* [WHAT IS EXPECTED]:
An exact transcript is required of the lines below, from the one containing "Проживая в РФ, траты" through the very last; leave every picture out of it.

* [RAW DATA]:

***

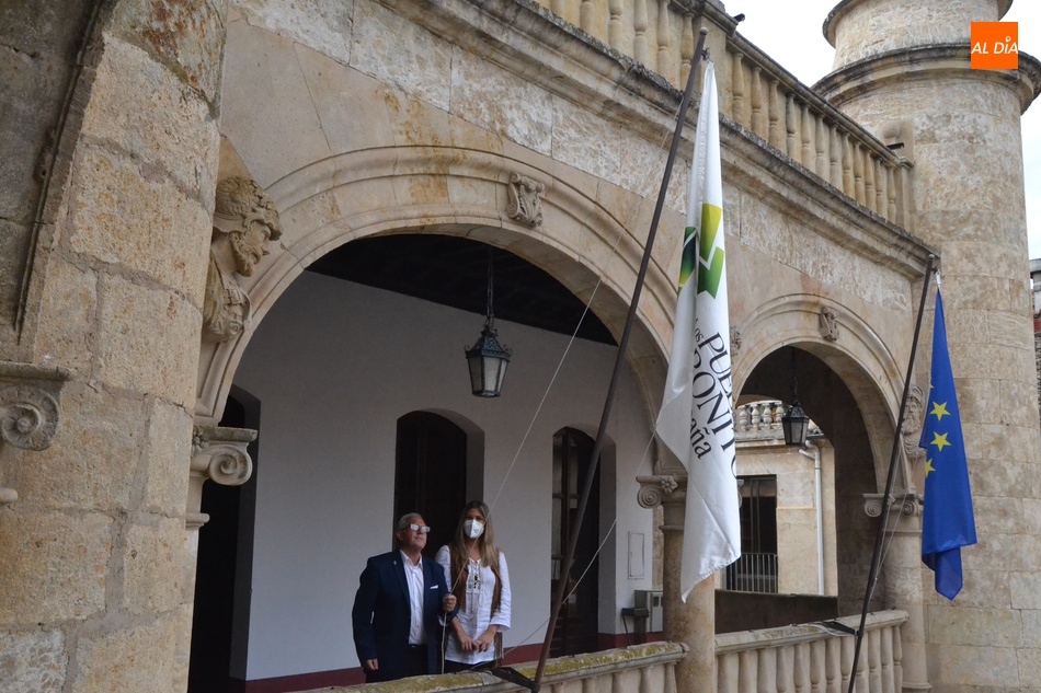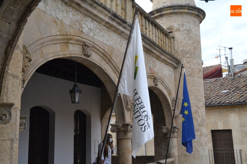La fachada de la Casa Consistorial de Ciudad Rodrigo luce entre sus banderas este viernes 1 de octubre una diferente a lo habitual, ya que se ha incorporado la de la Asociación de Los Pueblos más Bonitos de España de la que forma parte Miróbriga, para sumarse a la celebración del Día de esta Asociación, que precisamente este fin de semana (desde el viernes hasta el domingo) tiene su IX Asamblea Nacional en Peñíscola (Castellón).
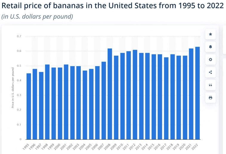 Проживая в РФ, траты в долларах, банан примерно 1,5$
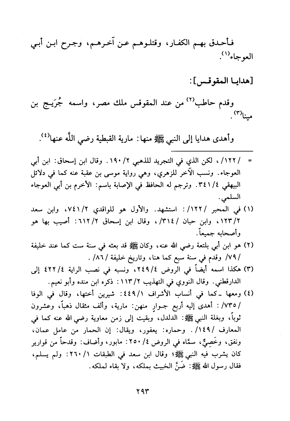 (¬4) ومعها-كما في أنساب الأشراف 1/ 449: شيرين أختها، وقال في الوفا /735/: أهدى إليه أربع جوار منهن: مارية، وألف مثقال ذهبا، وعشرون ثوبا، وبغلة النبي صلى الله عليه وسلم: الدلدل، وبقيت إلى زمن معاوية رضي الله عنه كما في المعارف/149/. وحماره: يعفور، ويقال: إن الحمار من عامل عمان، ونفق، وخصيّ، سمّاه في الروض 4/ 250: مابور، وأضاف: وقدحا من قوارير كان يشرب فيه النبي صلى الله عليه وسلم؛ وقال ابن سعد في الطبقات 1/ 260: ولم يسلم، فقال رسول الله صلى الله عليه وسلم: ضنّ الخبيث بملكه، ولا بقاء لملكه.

***

* [EXPECTED OUTPUT]:
 Проживая в РФ, траты в долларах, банан примерно 1,5$
 (¬4) ومعها-كما في أنساب الأشراف 1/ 449: شيرين أختها، وقال في الوفا /735/: أهدى إليه أربع جوار منهن: مارية، وألف مثقال ذهبا، وعشرون ثوبا، وبغلة النبي صلى الله عليه وسلم: الدلدل، وبقيت إلى زمن معاوية رضي الله عنه كما في المعارف/149/. وحماره: يعفور، ويقال: إن الحمار من عامل عمان، ونفق، وخصيّ، سمّاه في الروض 4/ 250: مابور، وأضاف: وقدحا من قوارير كان يشرب فيه النبي صلى الله عليه وسلم؛ وقال ابن سعد في الطبقات 1/ 260: ولم يسلم، فقال رسول الله صلى الله عليه وسلم: ضنّ الخبيث بملكه، ولا بقاء لملكه.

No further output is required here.